Dont tar all with the same brush, thank you.
		
Click to expand...

But you are contradicting yourself - you agree with me! 
You obviously prefer to keep your horses loose or else you wouldnt have tried so many measures so she could run free.
I am saying owners who choose to keep their horses in this way rather than pay for  land for grazing are selfish and cruel 

I live in Leeds and see some very sorry sights - ponies tethered alone on verges next to busy roads with no water, no rugs in terrible weather despite beign unable to move around to keep warm. 
Or worse in areas notorious for trouble - red light areas etc. 
Areas you wouldnt feel safe walking alone in never mind leaving the poor sods alone to be teased or worse by drunks and idiots.
We all have different opinions and I respect that - i just think if people cannot afford or be bothered to provide grazing then they should not have horses.
I dont agree with caged bunnies or birds either - but i suppose im going off on one now


----------



## Aoibhin (4 December 2011)

no im not agreeing, i prefer to see them free to roam but would NEVER be happy with a ban on it.


----------



## Onyxia (2 February 2012)

scullysdad said:



			If it is public land then why shouldn't anyone tether their horse there - ain't doing any harm - probably saving the council money by cutting the grass for them! 

God, some people are so far up there own asses they lose sight of the light!
		
Click to expand...

Because public land is for public use- putting a horse on a part if it stops others using it.

I am not against horses being teathered itself (there have been some good emamples of why it might be the best management choice for an individual horse on this thread) but NOT on public land!

We recently had a young mare teathered in the middle of some grassland, its a popular spot for walkers that was put out of use because it was not safe to go past the bugger- if it was on a livery yard in a properly fenced field it would not have been a problem


----------



## Yertis (4 February 2012)

If it's public land can't we share? in Devon we already have designated areas for dog walkers, kids etc, don't see why tethered horses can't have an area.

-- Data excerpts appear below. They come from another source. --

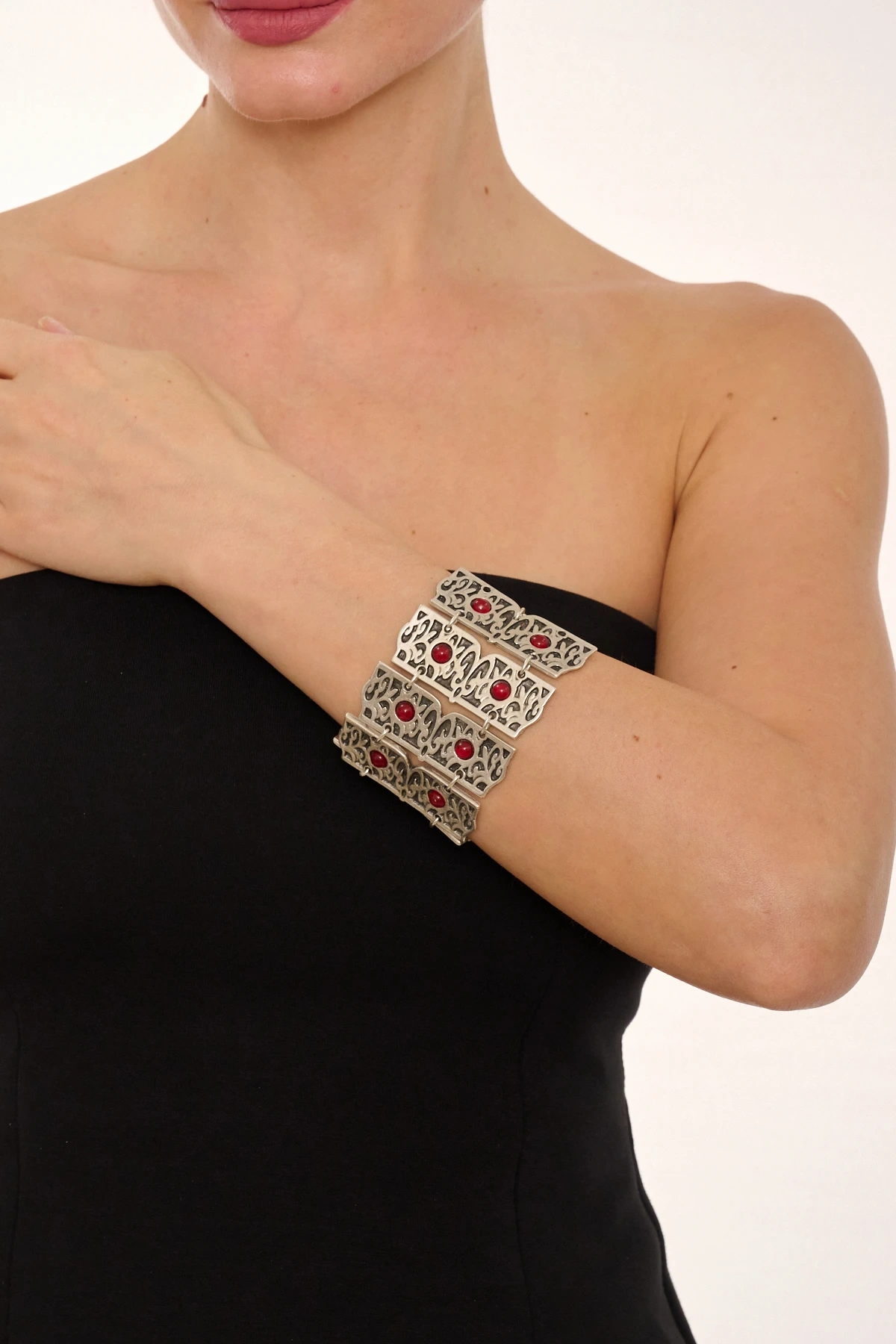 Kiraz Burgundy Stoned Silver Plated Bracelet
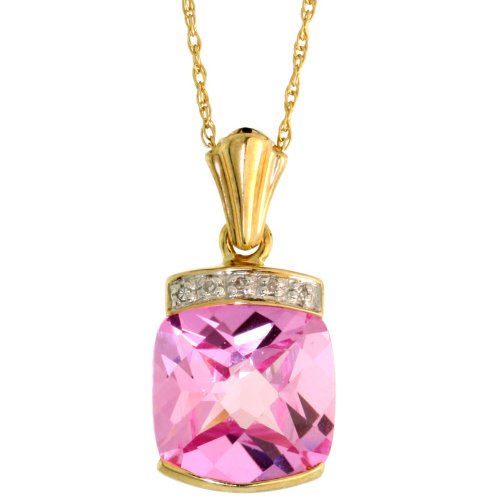 See more technical detailsBuy 10k Gold 18" Thin Chain & 9/16" (15mm) tall Square-shaped Pendant, w/ Brilliant Cut Diamonds & Cushion Cut (10mm) Pink Topaz Stone Now
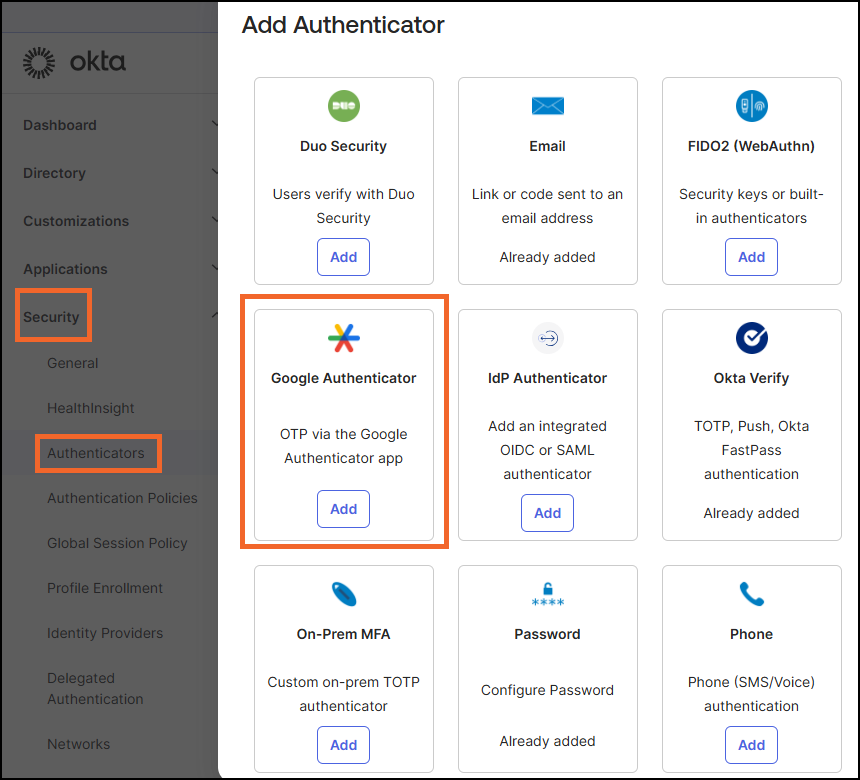 Screen capture of the "Add Authenticator" page in the Okta UI
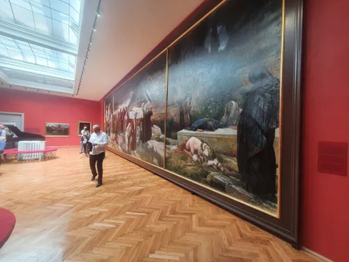 Pictura este un triptic ce reprezintă scena religioasă "Înmormântarea lui Christos" şi a fost realizată de Feszty Árpád, între anii 1898 - 1900.
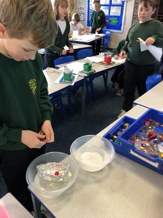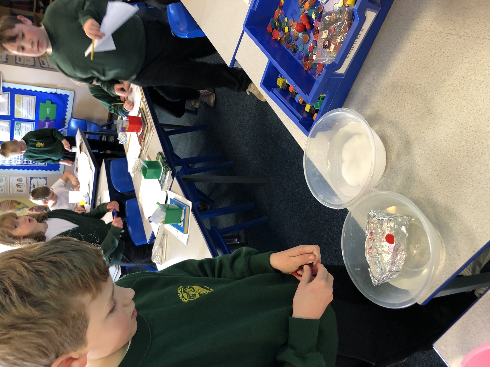 They also tested their boats’ buoyancy (upthrust) by filling them with counters. They found that the boat in salty water stayed afloat with more counters than in fresh water.
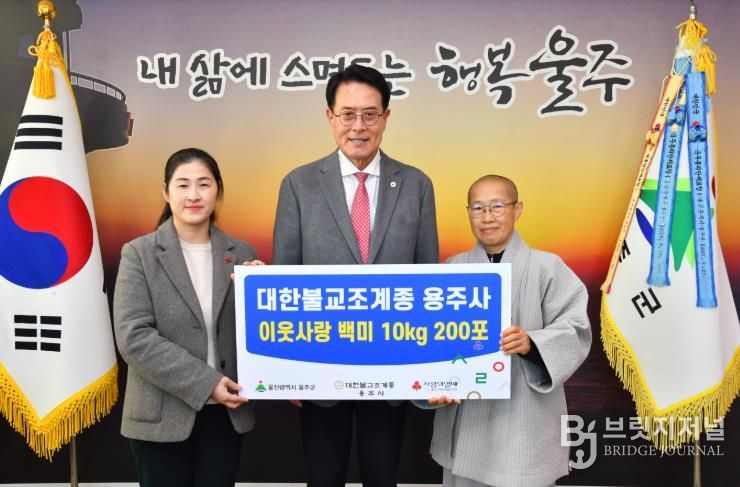브릿지저널 윤나영 기자 | 대한불교조계종 용주사가 9일 울주군 저소득세대를 돕기 위해 총 600만원 상당의 백미(10㎏) 200포를 전달했다.
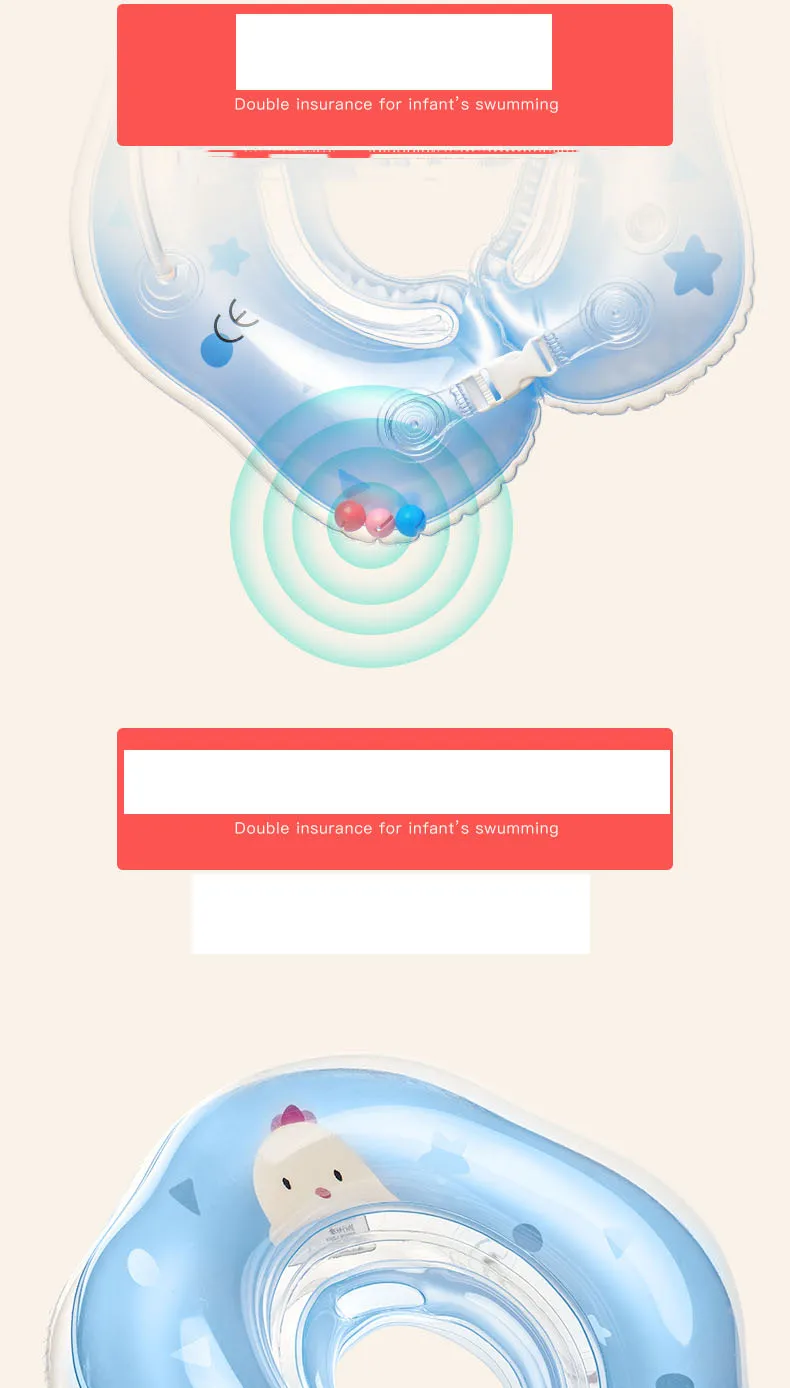 Прочная конструкция с Двойным Зажимом, мягко нажимайте, плотно фиксируйте подушки безопасности с обеих сторон, Обнимайте ребенка в плавании, так же надежно, как изгиб материнской arm2. Дизайн прорастающего звука, встроенный мелодии звонка, стимулирует удовольствие от плавания ребенка, привлекает ребенка плавать actively.3 использование высокопрозрачных ПВХ тканей, говоря о надувной шее, поверхность имеет мягкое эластичное прикосновение,
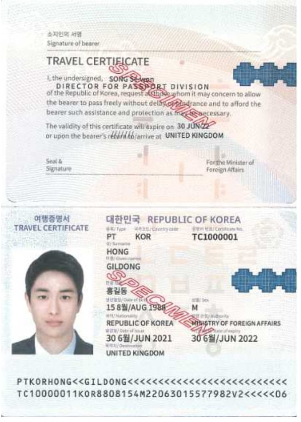 [대한민국 여권] 비전자여권 - 여행증명서(Travel Certificate)
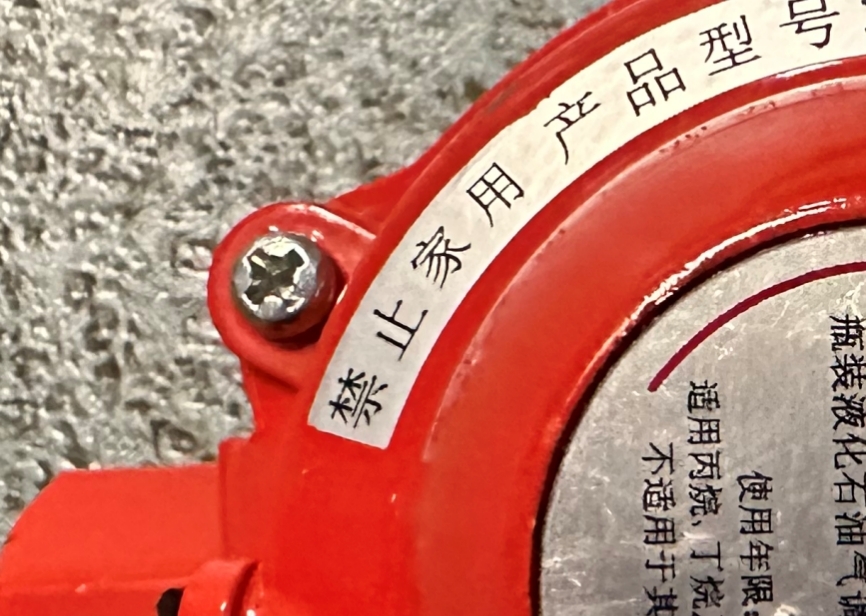 五看警示:国家标准要求商用瓶装液化石油气调压器应在明显位置以不易磨灭的形式标有“禁止家用”字样。商用和家用均为专用,不可互换。
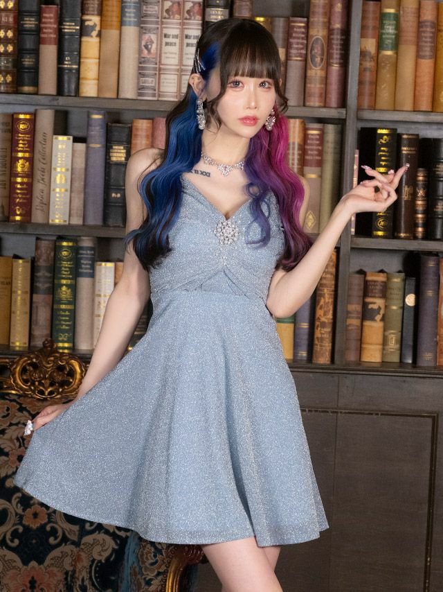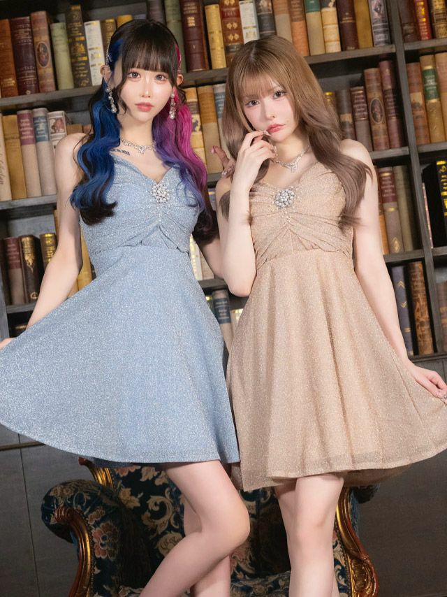 5. キャミソール ギャザー パールビジュー ラメ フレアミニドレス (Sサイズ~XXXXLサイズ) (戦慄かなの ゆりにゃ/キャバドレス着用) [Tika/ティカ]
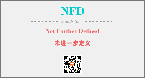 英文缩略词“NFD”经常作为“Not Further Defined”的英文缩写来使用,中文表示:“未进一步定义”。本文将详细介绍英文缩写词NFD所代表英文单词,其对应的中文拼音、详细解释以及在英语中的流行度。此外,还有关于缩略词NFD的分类、应用领域及相关应用示例等。
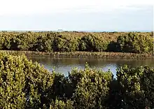 Mangroves on Kororoit Creek, with Port Phillip Bay in the distance.
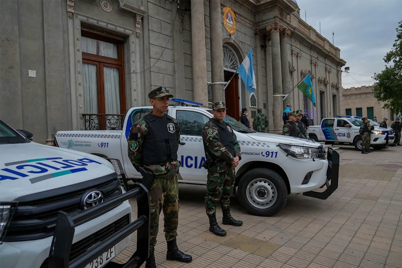 El Subsecretario Calviño Guillermo dentro del Plan de Fortalecimiento de la seguridad del Ministerio de Seguridad de la Provincia de Bs As, entregó en la ciudad de Las Flores, siete móviles destinados al Comando de Prevención Rural (CPR), y la incorporación de 19 nuevos efectivos policiales junto al Intendente Alberto Gelené y autoridades de las Fuerzas de Seguridad.
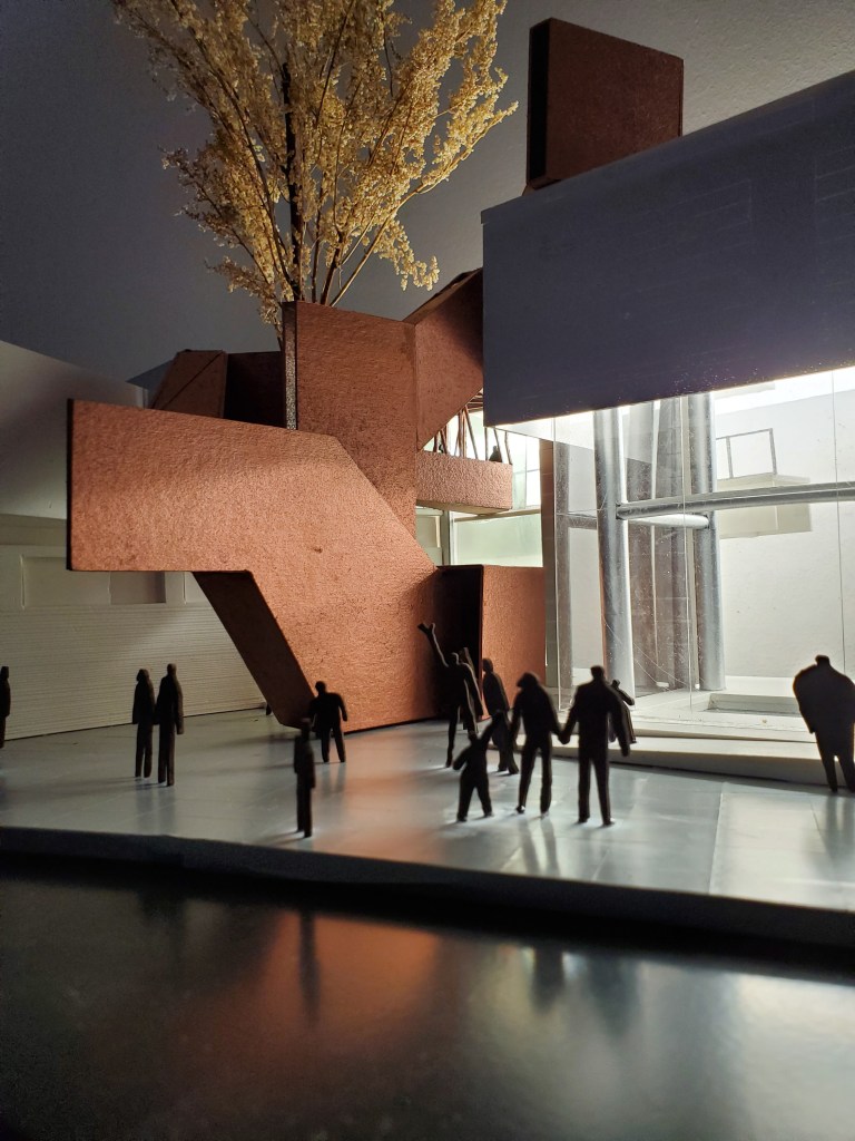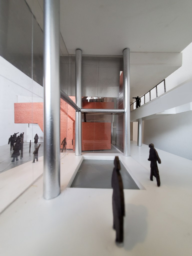El tránsito por el interior de la escultura hasta lo alto de la cubierta del museo hace posible el descubrimiento de un sinnúmero de miradas. Danza Mamba deviene en un dispositivo de observación que devela inusitadas vistas del edificio y del contexto adyacente, genera puntos de vista no previstos, fragmentos singulares de paisaje y panoramas de vastos horizontes que se abren ante nuestros ojos.

To be honest much easier for any concerned person or welfare to see the condition of a tethered horse rather than loose ones belting around a wasteland area. How the horse is condition wise is more important to me than whether it is tethered as long as it's done properly and mainly, the people keeping horses this way, have been doing it for centuries - to them the horse is a valuable asset.


----------



## Goldenstar (4 February 2012)

Aoibhin said:



			no im not agreeing, i prefer to see them free to roam but would NEVER be happy with a ban on it.
		
Click to expand...

That's because you have never been a welfare officer and seen the sad sorry sights I did I have no problem with you tethering your horse on your own land but there is a huge problem of illegal tethering around most citys most of the horses get inadequate care have miserable lives and pose a terrible risk to drivers when they get loose.
UNtil you have been involved you would not believe what goes on I would think that this council will have spent a fortune so far as well as the police RSPCA etc etc chasing round trying to solve this problem and have decided to get tough.


----------



## mountainview22 (5 February 2012)

sorry, but I know someone who's trying to start this business.in Bridgend as the council won't. They aren't interested.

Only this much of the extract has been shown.